Socialist president Francois Hollande is testing the limits of self-satire with a new plan to tax internet-connected devices. Our technology reporter James Titcomb:
The new tax of up to four per cent could be included in next year’s budget, France’s culture minister Aurelie Filippetti said.
“Companies that make these tablets must, in a minor way, be made to contribute part of the revenue from their sales to help creators,” Filippetti said.
Hollande has been scrambling to find ways to continue to fund its film makers as its economy struggles.
The President yesterday said he was “fundamentally attached to the defence” of France’s national culture.
We can be thankful that ideas like this have been dismissed in the UK. A Guardian piece in which the writer called for a tax on broadband to fund newspapers was laughed away.
It's not up to our politicians to decide on the entertainment that we enjoy. The consumer keeps content providers accountable, by letting them know what they value with their wallets. Government elites are far more likely to ossify our culture, and Hollande's proposal is a prime example of this.

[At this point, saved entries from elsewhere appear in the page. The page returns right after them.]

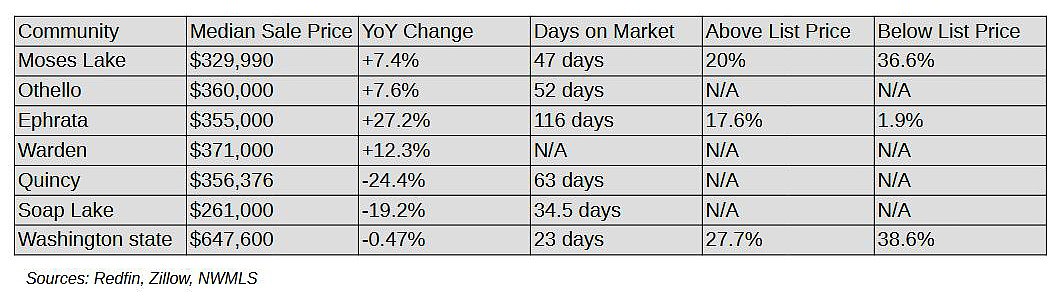 MOSES LAKE — Median home sale prices changed from community to community around the Columbia Basin over the last year, according to the real estate website Redfin.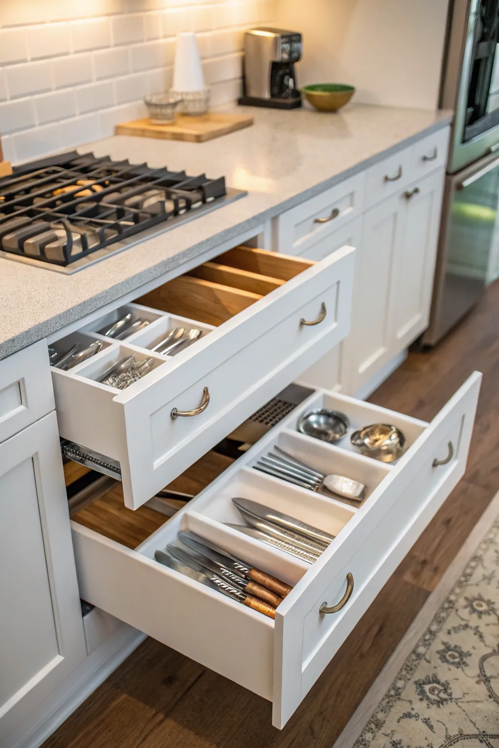 Nook drawers are an extraordinary fix that maximizes space through creative design. I’ve put them to work stashing utensils and maintaining a clutter-free kitchen.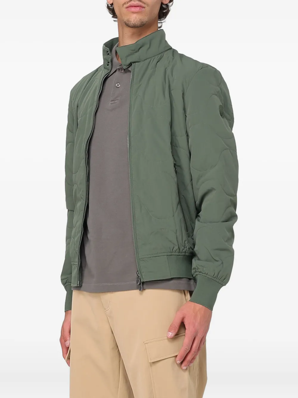 Зеленый стеганый с застежкой-молнией, ребристыми манжетами и подолом, высоким воротом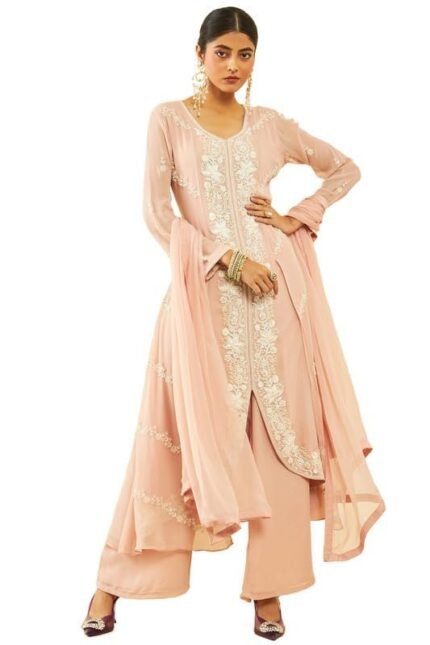 Womens Blush Pink Georgette Embellished Kaftan Suit With Cutdana

Touchscreen technology has been getting more powerful and much cheaper in recent years, and it's bringing people news and entertainment quickly. As a result, we've seen people embrace it. This consumption won't herald the end of French cinema, but it is a sign of how times change. Penalising technology consumers for enjoying these new innovations makes no more sense than the 19th century luddite crusades.
There is much to be celebrated about what the traditional arts have produced, but this should not come at the cost of crippling other artistic qualities. We should prize our culture for what it is so often is - dynamic and reactive.
When we let bureaucrats decide what we should enjoy, things tend to take a turn for the worse. Our markets deliver art well, they thend to deliver things that people want. That our elites don't like this is a problem for them, not us.